• Activity: Omit all pictures. Print the remaining lines exactly, from the start of the data through the line containing "原红河州美协主席、研究馆员杨".

• Information provided:
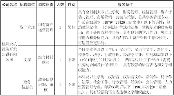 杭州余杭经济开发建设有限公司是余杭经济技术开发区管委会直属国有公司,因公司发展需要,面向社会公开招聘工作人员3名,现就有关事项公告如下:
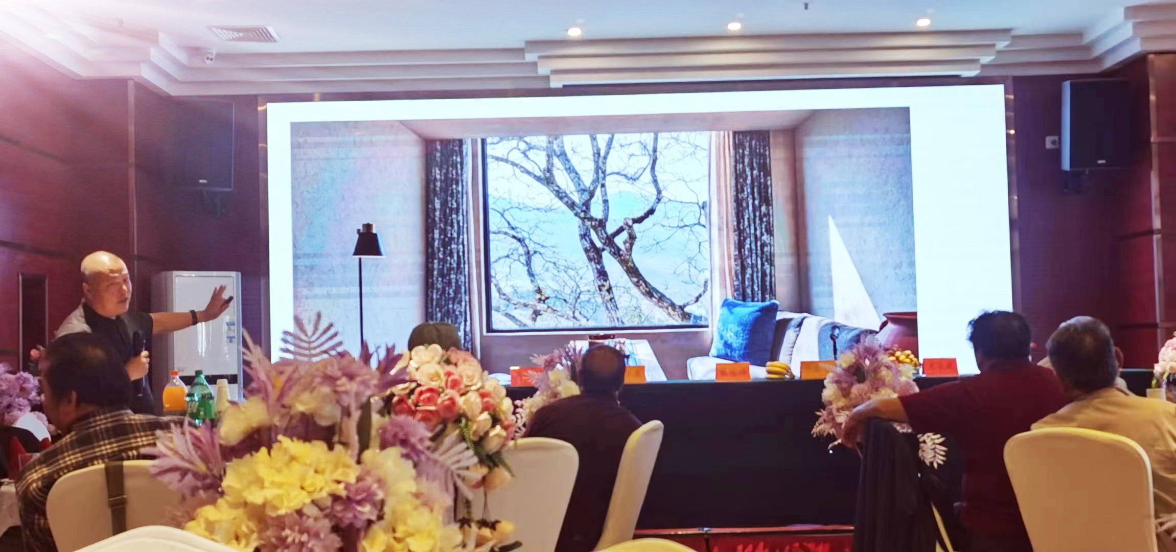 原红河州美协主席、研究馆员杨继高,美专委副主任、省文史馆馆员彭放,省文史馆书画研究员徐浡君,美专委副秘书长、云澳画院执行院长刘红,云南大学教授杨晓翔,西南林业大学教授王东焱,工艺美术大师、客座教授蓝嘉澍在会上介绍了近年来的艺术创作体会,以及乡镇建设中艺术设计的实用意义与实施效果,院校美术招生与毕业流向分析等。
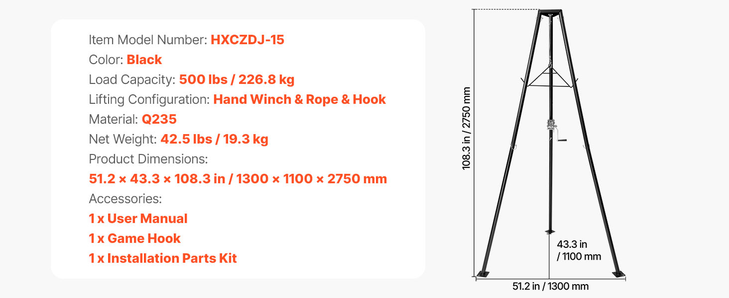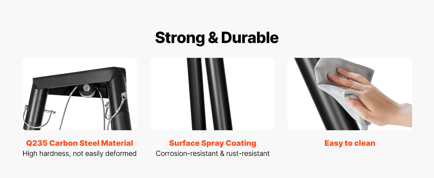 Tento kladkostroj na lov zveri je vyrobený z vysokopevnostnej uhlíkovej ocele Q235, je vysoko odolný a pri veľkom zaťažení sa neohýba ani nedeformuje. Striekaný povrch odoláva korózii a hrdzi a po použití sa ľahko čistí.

• Task result:
 杭州余杭经济开发建设有限公司是余杭经济技术开发区管委会直属国有公司,因公司发展需要,面向社会公开招聘工作人员3名,现就有关事项公告如下:
 原红河州美协主席、研究馆员杨继高,美专委副主任、省文史馆馆员彭放,省文史馆书画研究员徐浡君,美专委副秘书长、云澳画院执行院长刘红,云南大学教授杨晓翔,西南林业大学教授王东焱,工艺美术大师、客座教授蓝嘉澍在会上介绍了近年来的艺术创作体会,以及乡镇建设中艺术设计的实用意义与实施效果,院校美术招生与毕业流向分析等。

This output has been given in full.